These agents disrupt DNA replication, which inhibits tumor growth and promotes tumor cell death. Cancer chemotherapy is based on an understanding of tumor cell growth and how drugs affect this growth. After cells divide, they enter a period of growth (phase G1), followed by DNA synthesis (phase S). The next phase is a premitotic phase (G2), then finally a mitotic cell division (phase M).

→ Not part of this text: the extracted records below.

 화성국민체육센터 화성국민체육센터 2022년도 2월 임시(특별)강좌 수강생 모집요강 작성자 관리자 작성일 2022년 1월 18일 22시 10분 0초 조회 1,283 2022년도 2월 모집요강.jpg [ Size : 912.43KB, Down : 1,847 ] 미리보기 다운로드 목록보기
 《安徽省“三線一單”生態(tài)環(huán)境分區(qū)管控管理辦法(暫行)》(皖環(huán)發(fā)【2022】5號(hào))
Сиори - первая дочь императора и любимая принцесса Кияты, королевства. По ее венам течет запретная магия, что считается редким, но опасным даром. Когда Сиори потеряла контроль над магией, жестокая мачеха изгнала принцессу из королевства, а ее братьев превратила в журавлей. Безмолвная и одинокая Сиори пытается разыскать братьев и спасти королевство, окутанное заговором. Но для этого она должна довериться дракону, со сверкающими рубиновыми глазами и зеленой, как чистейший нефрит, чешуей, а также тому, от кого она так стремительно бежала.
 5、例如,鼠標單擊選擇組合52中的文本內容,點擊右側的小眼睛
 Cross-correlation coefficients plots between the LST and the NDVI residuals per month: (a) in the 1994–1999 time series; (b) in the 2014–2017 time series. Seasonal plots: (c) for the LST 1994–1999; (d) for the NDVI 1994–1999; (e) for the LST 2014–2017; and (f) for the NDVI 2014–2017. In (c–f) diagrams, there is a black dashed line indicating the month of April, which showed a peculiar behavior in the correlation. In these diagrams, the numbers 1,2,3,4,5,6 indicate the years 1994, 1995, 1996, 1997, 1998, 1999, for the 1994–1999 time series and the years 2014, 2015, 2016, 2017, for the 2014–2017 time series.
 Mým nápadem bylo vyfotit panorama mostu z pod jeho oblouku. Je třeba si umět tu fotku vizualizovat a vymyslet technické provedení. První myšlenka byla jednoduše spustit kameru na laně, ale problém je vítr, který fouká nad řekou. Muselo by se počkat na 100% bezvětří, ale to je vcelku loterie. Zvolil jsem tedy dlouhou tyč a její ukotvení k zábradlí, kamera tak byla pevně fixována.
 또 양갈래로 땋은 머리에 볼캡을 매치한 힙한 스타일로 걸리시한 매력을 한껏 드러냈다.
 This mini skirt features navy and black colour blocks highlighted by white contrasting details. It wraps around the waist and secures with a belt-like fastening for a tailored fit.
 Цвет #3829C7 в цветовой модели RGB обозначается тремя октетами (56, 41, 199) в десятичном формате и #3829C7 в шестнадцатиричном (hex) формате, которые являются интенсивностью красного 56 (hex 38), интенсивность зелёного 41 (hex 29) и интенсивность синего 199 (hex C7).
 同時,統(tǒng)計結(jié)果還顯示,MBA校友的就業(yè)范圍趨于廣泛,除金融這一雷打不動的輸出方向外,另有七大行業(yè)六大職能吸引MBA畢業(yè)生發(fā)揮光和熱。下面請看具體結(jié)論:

The cell division rate varies for different tumors. Most common cancers increase very slowly in size compared to normal tissues, and the rate may decrease further in large tumors. This difference allows normal cells to recover more quickly than malignant ones from chemotherapy and is the rationale behind current cyclic dosage schedules.

Antineoplastic agents interfere with cell reproduction. Some agents are cell cycle specific, whereas others (eg, alkylating agents, anthracyclines, cisplatin) are not phase-specific. Cellular apoptosis (ie, programmed cell death) is also a potential mechanism of many antineoplastic agents.

Vincristine (Oncovin)

Plant-derived vinca alkaloid. Acts as a mitotic inhibitor by binding tubulin. Inhibits microtubule formation in the mitotic spindle, causing metaphase arrest.

Cisplatin (Platinol)

Heavy metal coordination complex that exerts its cytotoxic effect by platination of DNA, a mechanism analogous to alkylation. This leads to interstrand and intrastrand DNA crosslinks and inhibition of DNA replication.

Cyclophosphamide (Cytoxan)

Exerts its cytotoxic effect by alkylation of DNA, leading to interstrand and intrastrand DNA crosslinks, DNA-protein crosslinks, and inhibition of DNA replication.

Etoposide (VePesid, VP-16)

Glycosidic derivative of podophyllotoxin that exerts its cytotoxic effect through stabilization of the normally transient covalent intermediates formed between DNA substrate and topoisomerase II, leading to single-stand and double-strand DNA breaks.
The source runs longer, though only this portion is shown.